Asia has the population to make setting up a cryptocurrency exchange there exceptionally lucrative, but more and more restrictions are now seeing leading exchanges pull out of the area. While there’s no denying that there are millions of investors all too ready to invest in cryptocurrencies – with 3.5 million in Japan alone – it’s the governments that have caused exchanges to take another look at the feasibility of their presence.
Japan, in particular, is the latest country to impose restrictions and legislation that have caused the largest cryptocurrency exchanges to take a look at their bottom line. With regulatory uncertainties and continuously moving goalposts, one of the largest exchanges, Kraken, will be suspending services by the middle of June. They have been serving Japanese investors since late 2014.
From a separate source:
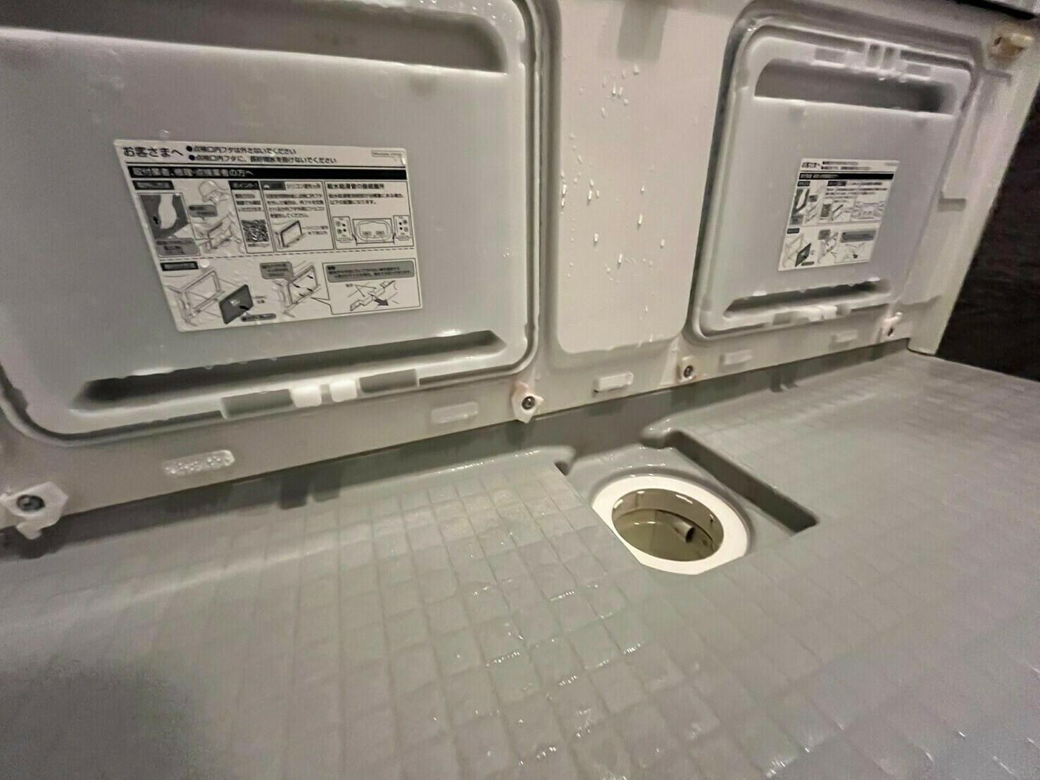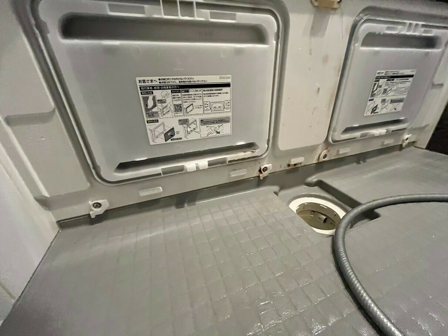 エプロンを外すと黒カビや石鹼カス汚れによるぬめりがありました💦

A Kraken spokesperson said choosing to pull out of Japan was not a decision made lightly but doing so had enabled them to focus on building their presence in other areas. While they were tight-lipped about the real reason, it’s easy to assume that new regulations in Japan have made it a logistical nightmare to keep providing investment opportunities in the country. It’s not off the table to consider revisiting Japan in the future, but right now, Japanese investors are asked to remove their funds by the end of June.
Japan’s tighter restrictions were made to increase transparency, and therefore safety, as well as protect consumers. To do so, they approved just 17 different currencies and 11 exchanges.
Japan is not the first country to cause problems for both investors and exchanges, as more and more nations aim to tighten their belts on this new phenomenon. China banned Initial Coin Offerings (ICOs) and closed exchanges, while South Korea is looking to halt anonymous trading. They have also put steps in place to prohibit ICOs as well. Restrictions have even been considered in Australia, with legislators and the financial intelligence agency looking into laws to control its use.
Investing in cryptocurrency is only getting tougher, so those looking to invest are encouraged to take a look at their country’s legislation and proposed laws before going ahead.